Ein Mann sitzt beim Friseur. Ihm wurde nurein Teil des Kopfes rasiert.
„Wie lange würdest du für 67 Cent arbeiten?“

Ein Ausflug nach Krisistan – wenn’s plötzlich brennt

Weil gute Kampagnen und Projekte – so viel weiß ich als angehende Presseexpertin auch in Woche zwei schon – leider nur einen Teil der Arbeit ausmachen, dreht sich in der zweiten Tagungshälfte alles um das Thema KRISE. Was ist eine Medienkrise und wie gehen wir damit um? Mithilfe von Medientrainerin Monika Hoegen und eines Rollenspiels befinden wir uns plötzlich in Krisistan – einem fiktiven Land, das spätestens aus Josés spanischem Mund nur noch halb so schrecklich, dafür durchaus amüsant klingt. Das Szenario, ist dagegen gar nicht witzig: Wir üben den Umgang mit einem Shitstorm, wie er im Buche steht. In unserem Rollenspiel hat eine Studie schlechte Arbeitsbedingungen auf einer durch Fairtrade-zertifizierten Teeplantage festgestellt und wir bekommen eine kritische Medienanfrage nach der anderen. Gemeinsam arbeiten wir an Pressestatements und einer möglichen Krisenkommunikation, die vor allem eins sein soll: Ehrlich und transparent. Unter Zeitdruck versuchen wir herauszufinden, was auf der Teeplantage vorgefallen ist und wie wir Lösungen für mögliche Missstände finden. Zu guter Letzt geht es darum, auch auf kritische Fragen kurze und knackige Antworten parat zu haben. Insgeheim freue ich mich schon auf das nächste Gespräch im Freundeskreis: „Wie genau funktioniert denn Fairtrade eigentlich? Was hat es mit dieser Prämie auf sich? Und wieso sind nicht alle Zutaten in einem Produkt fair gehandelt?“, sind schließlich nur einige Fragen, mit denen mich meine Freunde neuerdings löchern. Antworten gibt es dank Medientraining und Marcomms-Tagung bald in kurzen 30 Sekunden Statements … oder eine längere Version bei einem Glas Wein mit Freunden – natürlich Fairtrade.

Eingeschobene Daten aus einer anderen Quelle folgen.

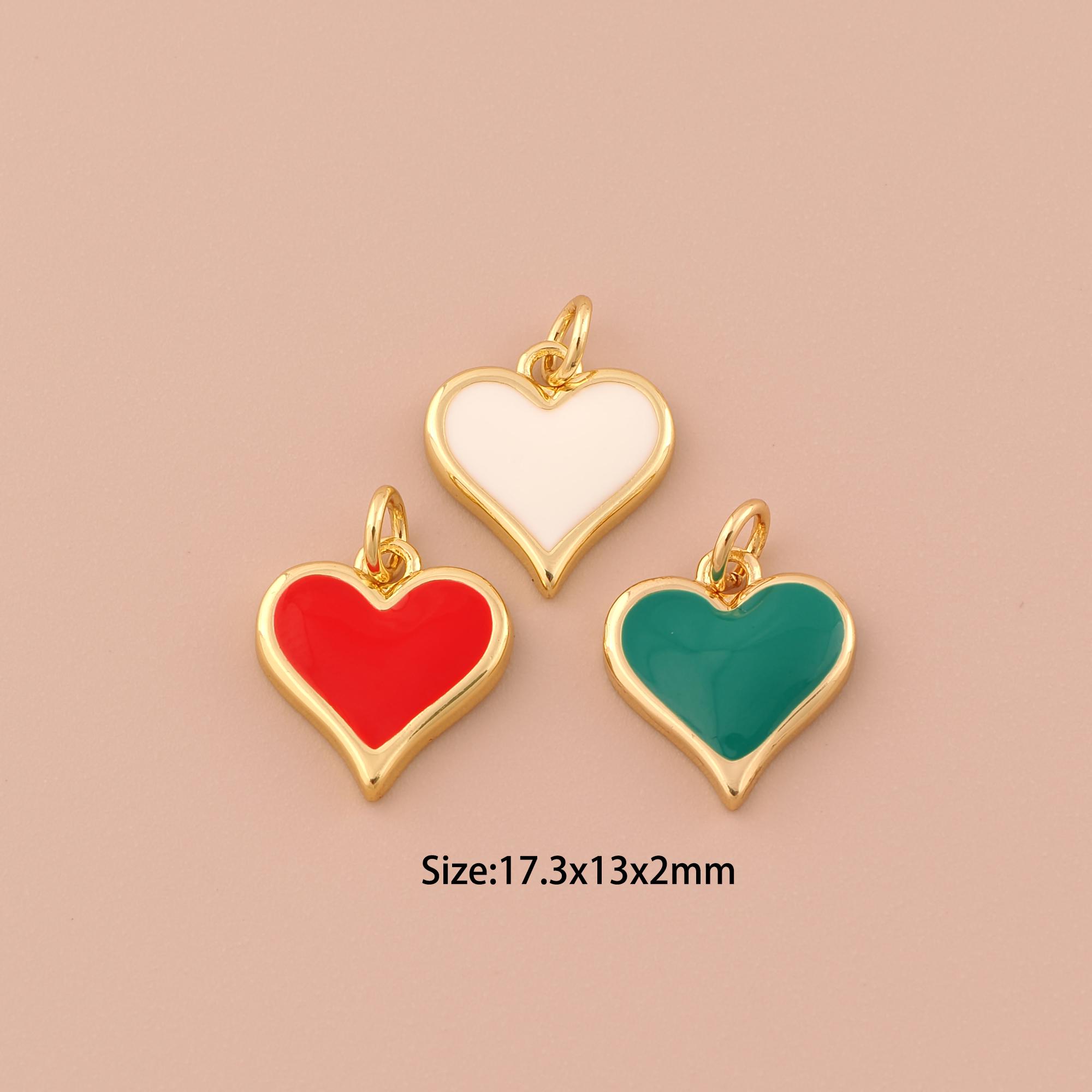 18K Gold Heart Charms,Minimalist Charms Pendants,Enamel Heart Charm for DIY Jewelry Making Supply

Am Ende der Woche nehme ich neben vielen Informationen und Begegnungen vor allem eins mit: Das Gefühl selbst ein Teil dieses großen Fairtrade-Systems zu sein, das noch viel größer werden soll. Der Gedanke, überall auf der Welt Kolleginnen und Kollegen zu haben, die an diesem Ziel gemeinsam arbeiten, gefällt mir besonders gut.